=== Work item ===
Using the data below, reproduce exactly the lines from the line with "Eine raue See" to the line with "Das Hauptwerk enthält", both included; pictures must be dropped.

=== Material for this exercise ===

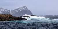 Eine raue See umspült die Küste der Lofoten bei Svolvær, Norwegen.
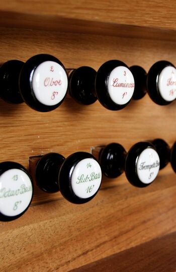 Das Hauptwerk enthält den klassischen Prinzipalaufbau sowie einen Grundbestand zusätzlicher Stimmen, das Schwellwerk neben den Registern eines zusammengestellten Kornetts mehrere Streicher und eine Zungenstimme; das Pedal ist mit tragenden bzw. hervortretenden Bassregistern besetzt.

--

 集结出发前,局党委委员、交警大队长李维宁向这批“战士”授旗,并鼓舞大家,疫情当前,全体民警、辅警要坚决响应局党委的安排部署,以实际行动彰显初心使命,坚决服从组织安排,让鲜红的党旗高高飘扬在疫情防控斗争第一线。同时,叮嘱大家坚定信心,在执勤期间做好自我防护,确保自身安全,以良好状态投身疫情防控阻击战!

...

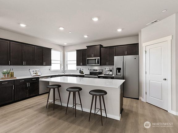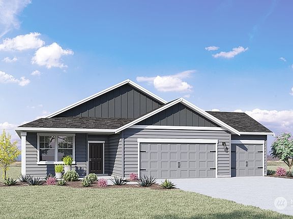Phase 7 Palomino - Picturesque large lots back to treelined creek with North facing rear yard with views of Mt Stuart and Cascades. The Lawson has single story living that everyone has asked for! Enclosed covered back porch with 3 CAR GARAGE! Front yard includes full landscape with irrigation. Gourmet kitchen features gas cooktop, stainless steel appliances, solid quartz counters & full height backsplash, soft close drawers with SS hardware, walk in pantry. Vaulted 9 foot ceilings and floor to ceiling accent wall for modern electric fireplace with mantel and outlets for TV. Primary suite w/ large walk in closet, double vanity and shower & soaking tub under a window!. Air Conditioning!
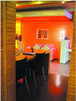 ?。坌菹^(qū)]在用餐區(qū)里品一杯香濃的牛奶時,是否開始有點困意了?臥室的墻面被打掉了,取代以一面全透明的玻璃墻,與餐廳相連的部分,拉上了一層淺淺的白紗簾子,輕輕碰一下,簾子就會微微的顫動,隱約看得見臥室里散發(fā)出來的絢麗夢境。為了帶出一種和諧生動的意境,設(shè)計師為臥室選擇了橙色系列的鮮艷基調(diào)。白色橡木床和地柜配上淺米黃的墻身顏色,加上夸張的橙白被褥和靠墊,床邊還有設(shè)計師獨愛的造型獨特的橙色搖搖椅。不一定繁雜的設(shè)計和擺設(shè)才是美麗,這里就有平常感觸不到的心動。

=== Answer to this task ===
 Eine raue See umspült die Küste der Lofoten bei Svolvær, Norwegen.
 Das Hauptwerk enthält den klassischen Prinzipalaufbau sowie einen Grundbestand zusätzlicher Stimmen, das Schwellwerk neben den Registern eines zusammengestellten Kornetts mehrere Streicher und eine Zungenstimme; das Pedal ist mit tragenden bzw. hervortretenden Bassregistern besetzt.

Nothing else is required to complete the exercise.